Ближе к центру вдоль улицы начали попадаться разнообразные лавки, своим существованием подтверждавшие статус города. И обувная мастерская, и швея, и "лавка всякой всячины", как гласила вывеска, и даже готовое платье продавали, и мебельная мастерская с услугами краснодеревщика — все было, а значит, всем этим явно кто-то пользовался и Шналь не бедствовал. Да и вид ухоженных, чистых улиц говорил о том же.
На центральной площади, куда вливались четыре улицы, располагалось четыре самых важных здания: по левую руку от Косорукова оказался трехэтажный, крашенный в нежно-розовый цвет "Имперский банк", построенный в классическом стиле, справа — "Мамонтова горка. Трактиръ", тоже в три этажа, но попроще и массивнее, этакая грубая серая коробка с верандой под дощатой крышей, на которой стояло несколько простых деревянных скамей, сейчас пустующих.
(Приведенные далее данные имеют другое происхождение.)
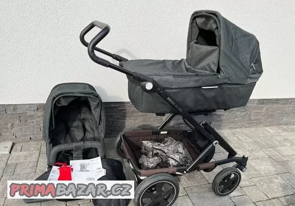 Součástí: podvozek, hluboká korba, sportovní kočárek včetně nánožníku, pláštěnky na obě verze, adaptéry na umístění autosedačky.

На противоположном конце площади справа белела небольшая, но очень аккуратная и симпатичная церковь, окруженная ухоженным палисадником, — та самая, которую было видно от въезда в город, а слева — еще одно трехэтажное здание в стиле привычного и родного павлоградскому глазу классицизма, только мрачновато-сизое. На двери блестела медью небольшая табличка с надписью "Городская управа". А чуть дальше, в конце короткого тупика между церковью и управой, торчало очень высокое и широкое, крашенное в веселый зеленый цвет строение, больше всего напоминающее обыкновенный амбар, очень неуместный на этой живописной площади.
Перед "Мамонтовой горкой" имелась, как продолжение веранды с ее легкой крышей из горбыля и соломы, пустующая сейчас коновязь, ею Косоруков и воспользовался. Ослабил кобыле подпруги, снял с седла сумку с личными пожитками и карабин и решительно двинулся через площадь к управе, отложив мысль о хорошем обеде и прочих удовольствиях на неопределенное "потом". Сначала — дело.
Скрипучая тяжелая дверь привела в пустой гулкий холл с белеными стенами, выложенным темной каменной плиткой полом и единственным элементом обстановки посередине — старой деревянной лестницей в два пролета, ведущей на второй этаж. Здесь пахло пыльным деревом и сухим старым лаком, его покрывавшим, было оглушительно тихо, прохладно и после яркого солнца на улице — темно, так что Дмитрий немного постоял при входе, привыкая к полумраку, едва разбавленному светом из пары небольших окон вверху первого пролета — там, где лестница расходилась на две стороны.
Из холла вело три одинаковых двери без табличек. Косоруков, лязгая по камню подкованными сапогами и недовольно морщась от этого звука, педантично проверил все, и все оказались заперты, так что остался один путь — наверх.
Лестница тоже скрипела, но музыкально, на разные голоса, так что наверх он поднялся уже с усмешкой, представляя, как кто-нибудь мог бы сыграть на таком вот "инструменте".
На втором этаже определиться с дорогой оказалось проще, там справа от лестницы имелась двустворчатая дверь с латунной табличкой на ней "Городской голова А. П. Набель". Фамилия и должность соответствовали тем, которые значились в предписании, так что Дмитрий, постучав и не получив ответа, решительно повернул ручку и открыл дверь. Следовало представиться, сообщить о своем прибытии и попросить о содействии. Его отдельно предупредили, что свидетельства градоначальника будет достаточно для подтверждения вины указанного охотником убийцы, и следовало сразу наладить хорошие отношения с таким важным человеком. Подтасовывать Косоруков ничего не собирался, предпочитал делать свою работу тщательно, пусть и такую непривычную, но лишних препон от местных властей не хотелось.